Gemalto, une confiance affichée trop grande ?
L’exercice de communication de Gemalto, en réponse aux soupçons d’intrusion sur son réseau par la NSA et le GCHQ, ne fait pas l’unanimité.
A l’occasion d’une conférence de presse, organisée ce mercredi 25 février, Gemalto a confirmé avoir été victime d’intrusion en 2010 et 2011, estimant qu’elles pourraient avoir été l’effet d’attaques conduites par le GCHQ et la NSA, comme l’affirmait précédemment The Intercept.
Mais le groupe ne convainc pas totalement. Ironique, Ryan Gallagher, journaliste chez nos confrères, raille Gemalto. Pour lui, « une ‘enquête complète’ sur une attaque soutenue par un état, en moins de six jours… c’est sûrement un record du monde ». L’activiste et chercheur en sécurité Christopher Soghoian ne le contredira pas : « Gemalto, une entreprise qui opère dans 85 pays, a trouvé comment réaliser un audit de sécurité complet de leurs systèmes en 6 jours. Remarquable ». Et Cem Paya, responsable de la sécurité chez AirBnB d’ironiser à son tour : « Et Gemalto n’a même pas fait appel à Mandiant ! Imaginez avec quelle rapidité encore plus grande ils auraient pu conduire une enquête complète » !
Le chercheur en cryptographie Matt Blaze s’étonne également : « Gemalto est étonnamment confiant de connaître exactement l’étendue de l’intrusion de la NSA/GCHQ qu’il n’a pas détectée sur le coup ». Mais là, le communiqué de presse du groupe vient le contredire : Gemalto y affirme en effet avoir repéré des activités suspectes en juin 2010, et avoir identifié un second incident au mois de juillet suivant.
Les tentatives d’intrusion ne seraient donc pas passées inaperçues. De quoi, donc, semer le doute sur le bienfondé de toutes ces remarques : si Gemalto a détecté les incidents, il est probable que ceux-ci aient fait l’objet d’enquêtes et de rapports à l’époque, sur lesquels le groupe a pu s’appuyer aujourd’hui.
Toutefois, dans les colonnes de The Intercept, Christopher Soghoian affirme le contraire : « Gemalto a découvert ce piratage vieux de cinq ans par le GCHQ lorsque The Intercept a appelé pour demander des commentaires ». Pour Matthew Green, spécialiste du chiffrement à l’université américaine John Hopkins, « il s’agit d’une enquête conçue pour produire des affirmations positives. Cela n’a rien d’une enquête ».
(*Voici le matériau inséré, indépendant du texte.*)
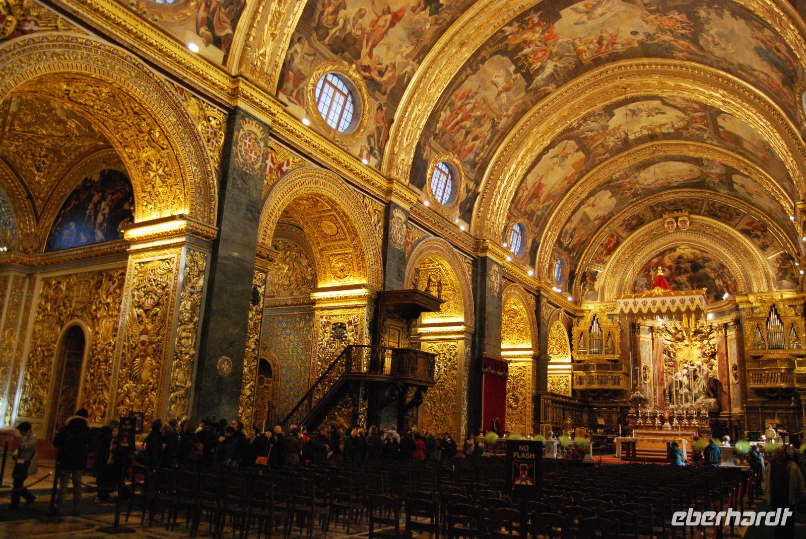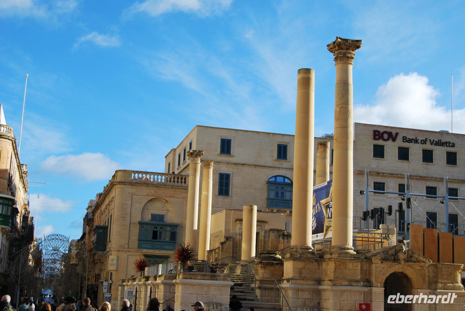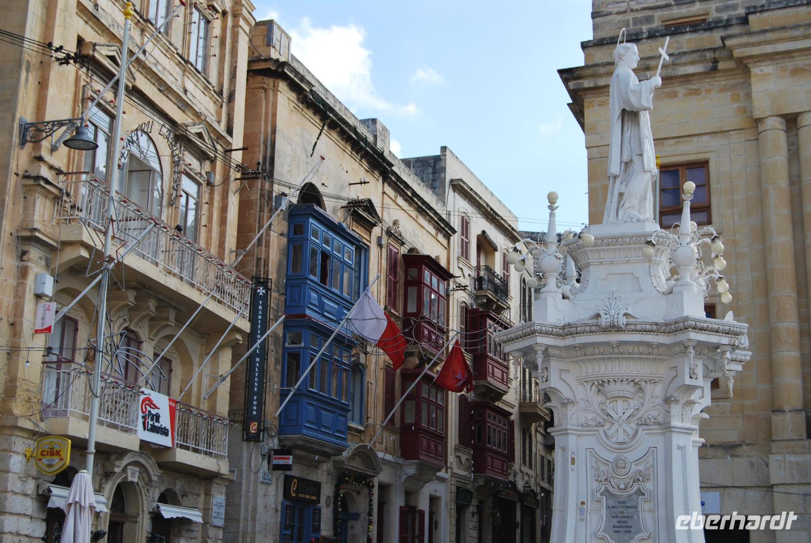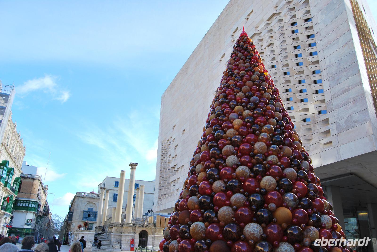 Nach einem ausgiebigen Frühstücks-Buffet mit Sonnenschein und Blick über die Bucht und Manoel Island begannen wir unsere Stadtrundfahrt. Mit Rita, unserer örtlichen Reiseleiterin, fuhren wir Richtung Valletta. Vor den Toren der Altstadt, an der Kirche St. Publius und dem alten Kornspeicher Pjazza San Publju, stiegen wir aus. Ein Foto an der Unabhängigkeitsstatue, die als Denkmal des 21.09.1964 steht, schlenderten wir am Tritonenbrunnen vorbei, der direkt vor den massiven Stadttoren steht. Beim Betreten von Valletta fällt gleich noch der Weihnachtsschmuck auf. Eine Straße mit vielen Lichtern und Bögen geschmückt. Auch eine kleine Attraktion: Der knapp sieben Meter hohe Weihnachtsbaum aus über 2.000 handgefertigten Glaskugeln. Wir umrundeten das Königliche Opernhaus, gingen bis zur katholischen Kirche St. Catherine von Italien und kamen zum St John's Square, wo wir die berühmte St. John's Co-Cathedral erblickten. Von außen wahrlich schlicht - doch beim Betreten des Gotteshauses macht man große Augen. Goldene Verzierungen und Ornamente soweit man gucken kann. Anstatt Seitenschiffen findet man in dieser Kirche zahlreiche Kapellen, die je einer Fraktion aus dem einstigen Malteser-Ordnen zugeordnet sind. So spiegelt auch das Emblem des Ordens, das Malteserkreuz, mit jedem Zacken eine Fraktion der Mittelalterlichen EU wieder. Auf dem Boden zahlreiche Intarsien-Marmor-Gräber, wo eines kunstvoller und bemerkenswerter ist als das andere. Ganz besonders faszinierend fand ich die Deckenbemalung. Ein meisterlicher Pinselstrich, wo die einzelnen Figuren tatsächlich aus dem Gemälde herauszuragen scheinen, hervorgerufen durch geniale Illusionen von Schatten und Lichtern, die teilweise aus dem eigentlichen Bilderrahmen ragen. Und wo wir gerade bei Malerei sind: eine berühmte Reliquie, die sich in der Kirche befindet, ist das Gemälde von Caravaggio - Die Enthauptung Johannes des Täufers von 1608. Nach dieser eindrucksvollen Malteser-Kathedrale wollten wir eigentlich den Großmeister Palast besichtigen, doch leider kam uns die Regierung zuvor und sperrte das Gebäude kurzfristig. Wir entschlossen uns spontan zu einer Café-Pause gegenüber der Nationalbibliothek von Malta und besuchten anschließend das archäologische Museum, wo uns Rita schon mal auf den Hagar Qim einstimmte. Artefakte, Kunst, Schmuck und Skulpturen aus dem Jahre 4.000 - 2.500 vor Christus konnten wir dort besichtigen. Dann ging es zum großen Hafen von Valletta. Über den Barrakka-Garten, wo wir eine herrliche Sicht über den Hafen und die drei alten Städte hatten - Vittoriosa, Senglea und Cospicua, kamen wir zur Waterfront Valletta. Gut eine Stunde ging die Hafenrundfahrt, in der wir so ziemlich jeden „Finger" der natürlichen Hafenanlage besuchten. Das war schon mal ein kleiner Vorgeschmack auf übermorgen, wo wir noch einmal Vittoriosa besuchten.

Quelle que soit la réalité de la situation, comme le souligne Matt Blaze, « qu’être compromis par une opération ciblée de la NSA et du GCHQ n’est pas être négligent. Mais en sous-estimer les implications l’est ». Reste à savoir l’ampleur réelle des moyens déployés par Gemalto pour effectivement auditer en profondeur son système d’information au-delà d’un exercice de communication visant manifestement à rassurer dans l’urgence, ainsi que sa capacité à détecter réellement les traces d’une infiltration réussie. L’inconnu inconnu auquel faisait référence Art Coviello lors d’une précédente édition de la RSA Conference.